In effect, what you are doing is only entering the if() part of the statement and it gets executed once only, because the first element of x$TradeResult.Currency == head(x$TradeResult.Currency., n = 1) is TRUE and R ignores the others.
> if(c(TRUE, FALSE)) {
+ print("Hi")
+ } else {
+ print("Bye")
+ }
[1] "Hi"
Warning message:
In if (c(TRUE, FALSE)) { :
the condition has length > 1 and only the first element will be used
> ifelse(c(TRUE, FALSE), print("Hi"), print("Bye"))
[1] "Hi"
[1] "Bye"
[1] "Hi" "Bye"
As to solving your real problem:
CalculateIndex2 <- function(x, value, start = 100) {
rowSeq <- seq_len(NROW(x))
totalAc <- cumsum(c(value, x$TradeResult.Currency.))[rowSeq]
idx <- numeric(length = nrow(x))
interm <- (((x$Size.Units. * x$EntryPrice) / totalAc) *
x$TradeResult.Percent.) / 100
for(i in rowSeq) {
idx[i] <- start + (start * interm[i])
start <- idx[i]
}
idx
}
which when used on theData gives:
> CalculateIndex2(theData, 14000)
[1] 99.97901 99.92081 99.57714 101.46399 102.35708 101.28586 103.31497
[8] 103.80656 102.33612 104.35856 102.79509 103.56012 102.90879 103.67281
[15] 104.85296 104.60432 102.50553 102.90490 102.71800 104.06766
What you want is a recursive function (IIRC); the current index is some function of the previous index. These are hard to solve in a vectorised way in R, hence the loop.

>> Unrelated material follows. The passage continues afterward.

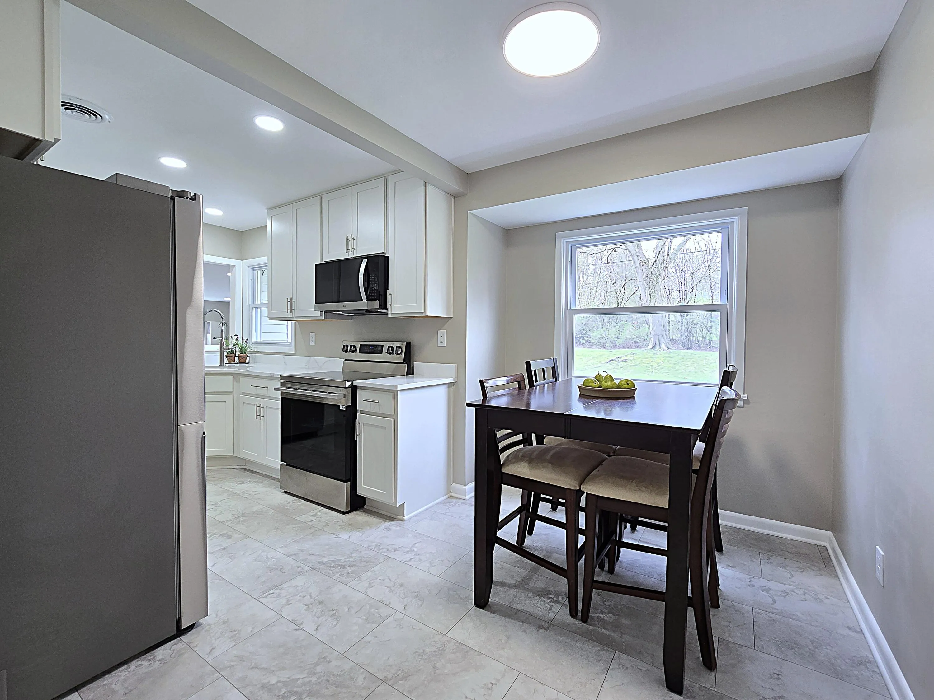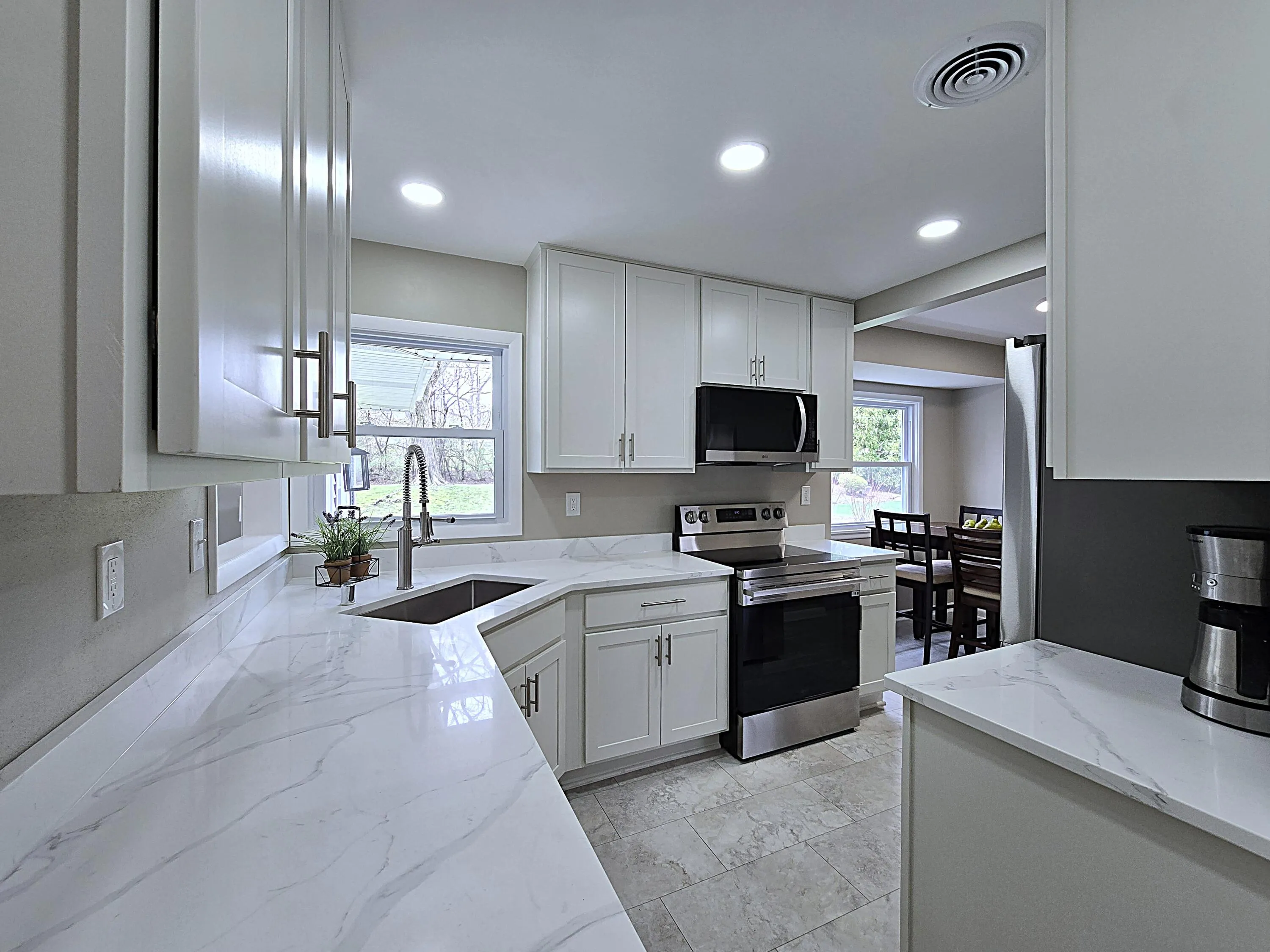 Updated and immaculate, this clean three bedroom ranch has a roomy layout and is move-in-ready for its new owner! An all-new kitchen boasts new cabinetry, stylish quartz counters, sleek stainless steel appliance package, and a handy dinette space. Handsome dark-stained refinished hardwoods adorn the living room and ample bedrooms. A spacious family room adds a sizable living space with patio access and backyard walk out. The remodeled full bath serves the main and showcases a new tiled surround. A rec room in the lower level adds even more space to relax or entertain. A new roof, new furnace, new central air, & new windows are already in place for peace of mind and ease or ownership. Enjoy hanging out on the back patio on nice days overlooking to lovely back yard. Great location, must see!

I'm still slightly confused as to what exactly you want to do, but hopefully the following will be helpful.
Your R script gives the same answers as your Excel function for the first value. You see a difference because R doesn't print out all digits.

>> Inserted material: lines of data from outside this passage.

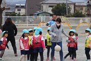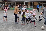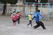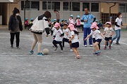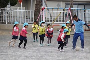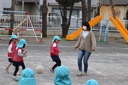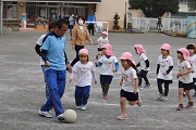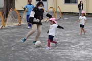 本年度最後のサッカー教室が行われました。園児たちは、元気にボールを追いかけていました。春のころのサッカー教室の比べると、ボールもしっかり蹴ることができるようになりました。サッカーでも成長しています。今日は、園児の相手になってくれた保護者の方もかなり真剣に取り組んでくれました。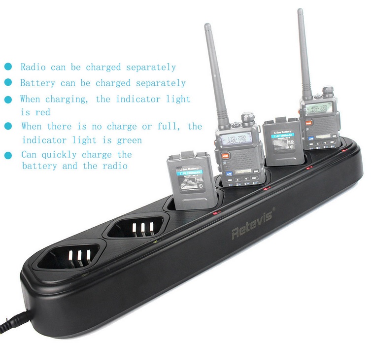 If you are running multiple radios for your family, group, church, etc. you might want to take a serious look at the Retivis Universal Charger for Baofeng radios. This is a great solution for the right application. I love it!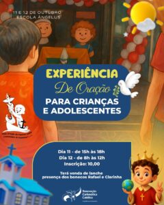 A Renovação Carismática Católica (RCC) da Arquidiocese de Santarém realiza nos dias 11 e 12 de outubro o Encontro de Experiência de Oração para Crianças e Adolescentes, um momento especial de espiritualidade, alegria e convivência cristã.

> tmp = CalculateIndex(thedata)
Warning message:
In if (x$TradeResult.Currency == head(x$TradeResult.Currency., n = 1)) { :
the condition has length > 1 and only the first element will be used
> print(tmp, digits=10)
[1] 99.97900857 99.94180357 99.65632286 101.88688500 100.89308643
<snip>
The reason for the warning message is because x$TradeResult.Currency is a vector that is being compared to a single number.
That warning message is also where your bug lives. In your if statement, you never execute the else part, since only the value of x$TradeResult.Currency is being used. As the warning message states, only the first element of x$TradeResult.Currency is being used.